Ahora que empezamos a tener atascos de gran ciudad, que circular por el puente, antes nuevo, es una aventura diaria y ejercicio de paciencia; ahora, podíamos empezar a parecernos a una histórica ciudad romana y tomarnos en serio la Mérida arqueológica y, consecuentemente, turística. Porque el turismo es desde que yo era chico, ya han pasado 50 años, ese potencial que tras el fracaso industrial haría próspera a Mérida. Y siempre lo será. Es patético ir al teatro romano y pisar esos pedazos de adoquines de cantera, brutos y bruscos para, trastabillado, ir a parar a la mal llamada plaza Xirgu (prefiero VII Sillas o Chen) y encontrarte con el suelo rajado, agrietado y más inestable que el process. Es tercermundista la tela metálica oxidada que delimita la casa del anfiteatro, un cerramiento-alambrada modelo biafra.

No sé de quién será la culpa, ni importa ahora, pero algo habrá que hacer porque entre todos la pisamos y Mérida sola se hundió. Este emeritense de barriada reivindica una Mérida amable, en la que la arqueología esté de moda con sus objetos, sus paisajes y eso que nuestros arqueólogos son capaces de investigar con ellos.
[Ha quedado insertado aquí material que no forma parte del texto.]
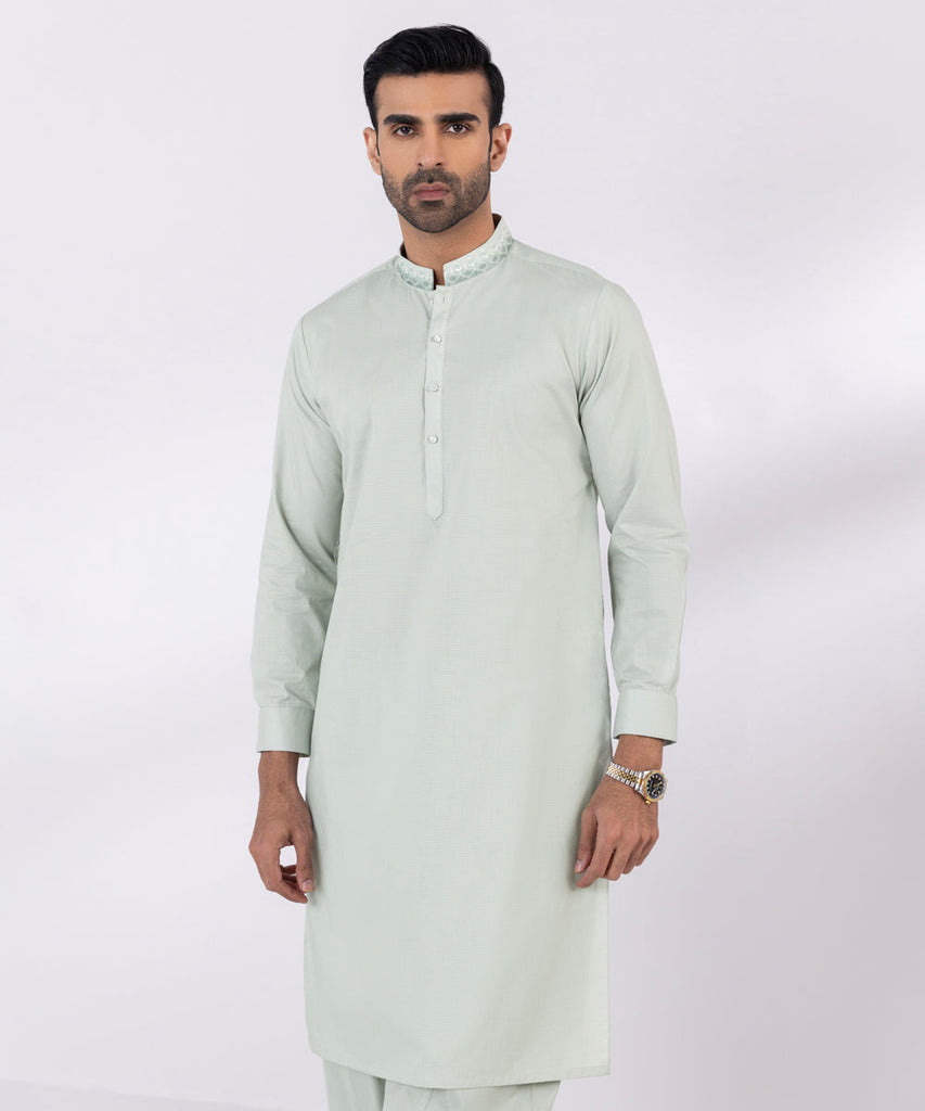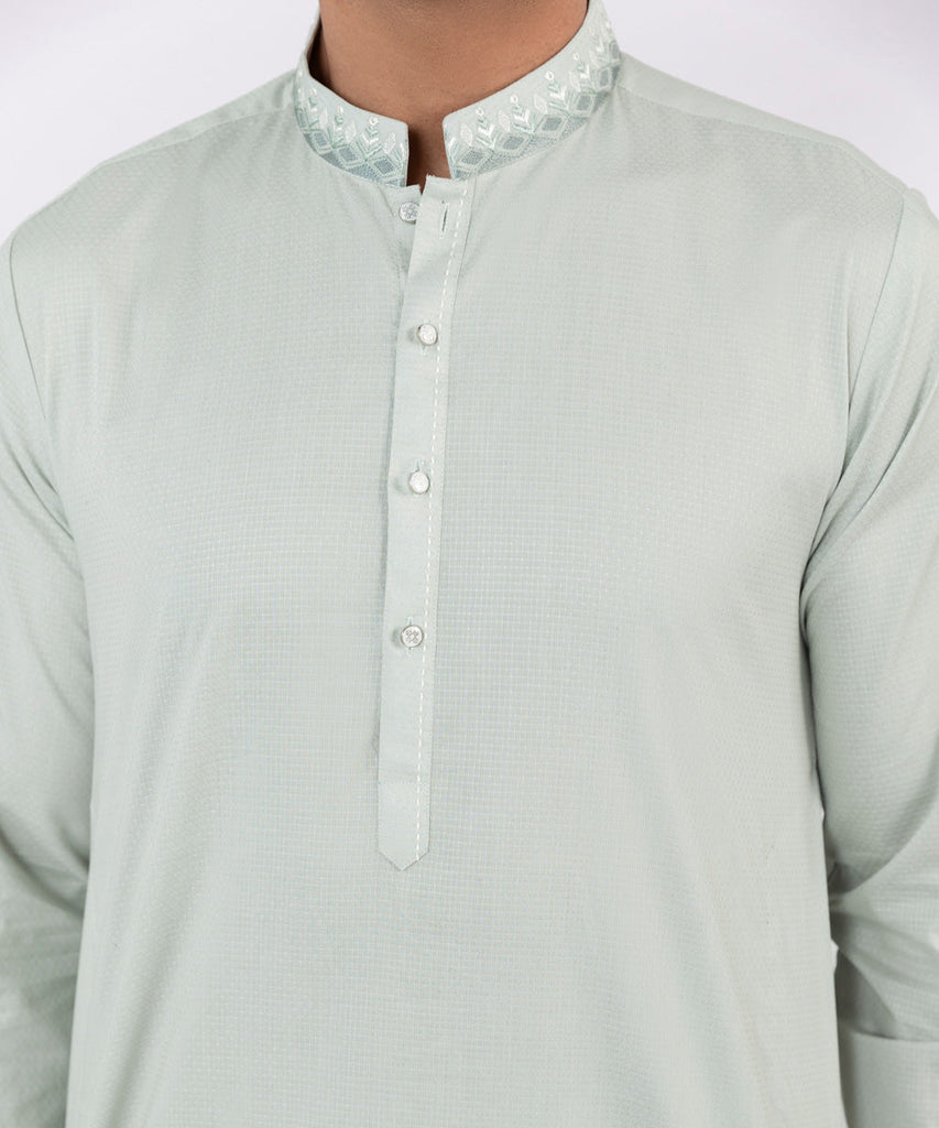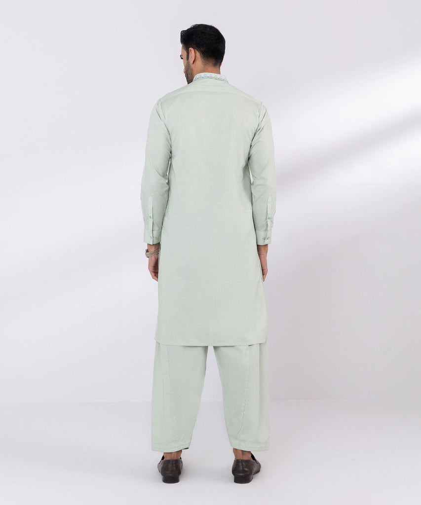 Elevate your everyday style in our light green embroidered cotton dobby straight kurta and shalwar.

Pero de poco nos sirven objetos, piedras y paisajes si no los humanizamos; caramba, que lo más importante en arqueología son las personas, las que vivieron entonces y las que ahora vienen a verlo. A verlo si es de día, porque de noche somos una ciudad oscura y con poca luz. ¿Lo hacen por ahorrar?
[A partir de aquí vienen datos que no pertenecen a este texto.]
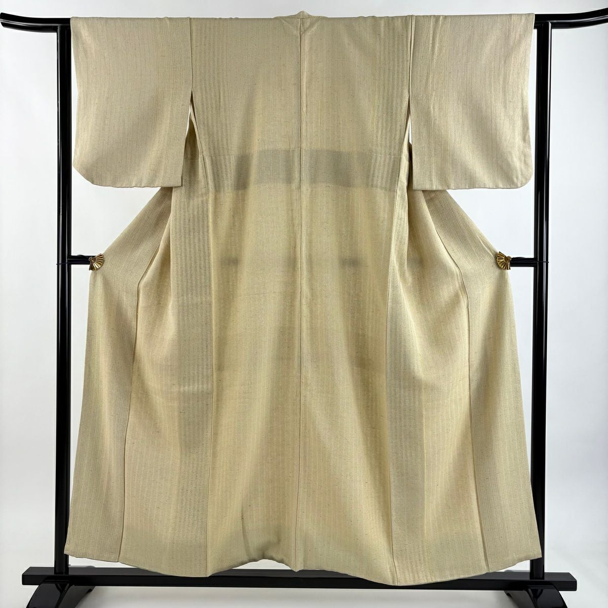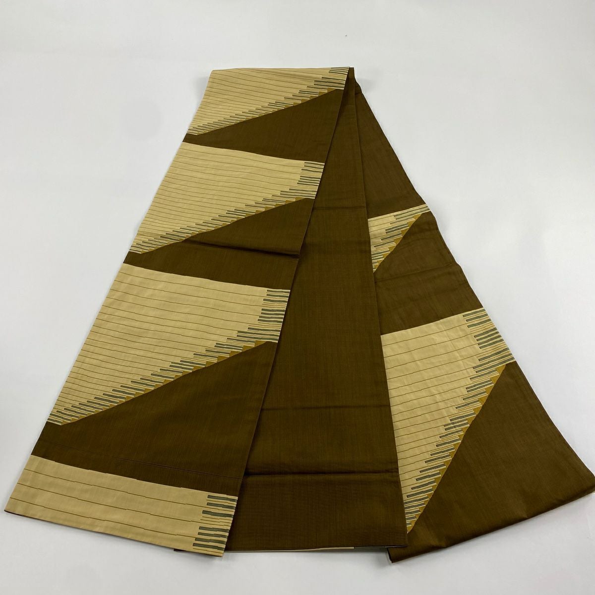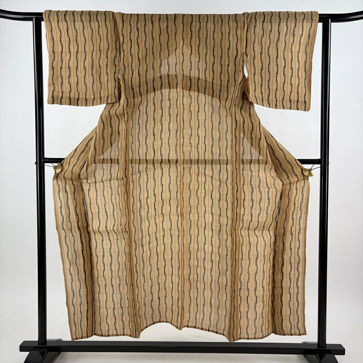 紬 身丈151.5cm 裄丈62cm S 単衣 芭蕉布 縞 幾何学模様 薄茶色 芭蕉 逸品
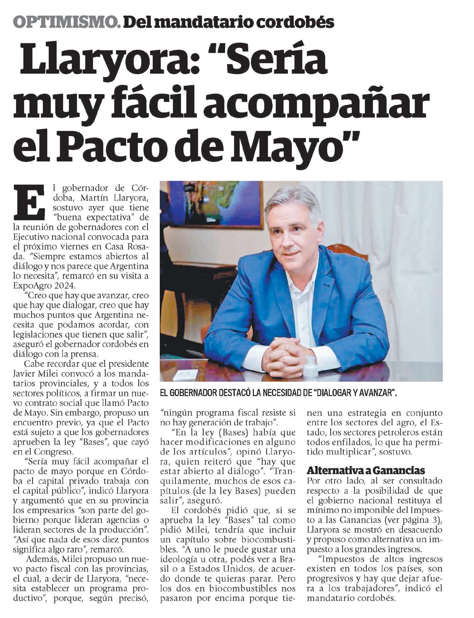 Alternativa a Ganancias Por otro lado, al ser consultado respecto a la posibilidad de que el gobierno nacional restituya el mínimo no imponible del Impuesto a las Ganancias (ver página 3), Llaryora se mostró en desacuerdo y propuso como alternativa un impuesto a los grandes ingresos.
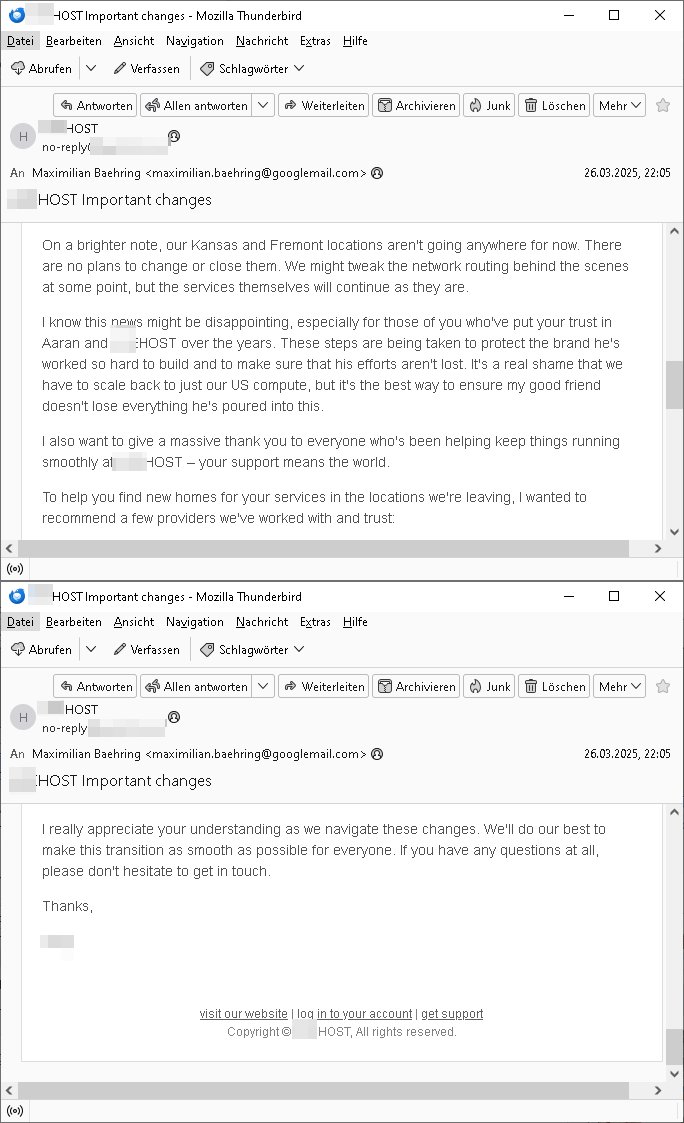 I know this news might be disappointing, especially for those of you who've put your trust in A*** and ***HOST over the years. These steps are being taken to protect the brand he's worked so hard to build and to make sure that his efforts aren't lost. It's a real shame that we have to scale back to just our US compute, but it's the best way to ensure my good friend doesn't lose everything he's poured into this.

Si no les hacemos una Mérida cómoda y agradable estamos perdidos, no acabarán de decidirse sobre si vale la pena volver a la bimilenaria (y dormir en ella). A mí me gusta la vida contemplativa emeritense, por eso me aposto en mis bares y contemplo calmado el paisaje y lo que por él transita. Pero hay días que en vez de disfrutar Mérida es preferible recurrir a grandes inventos de la humanidad: siesta, cojín y sofá.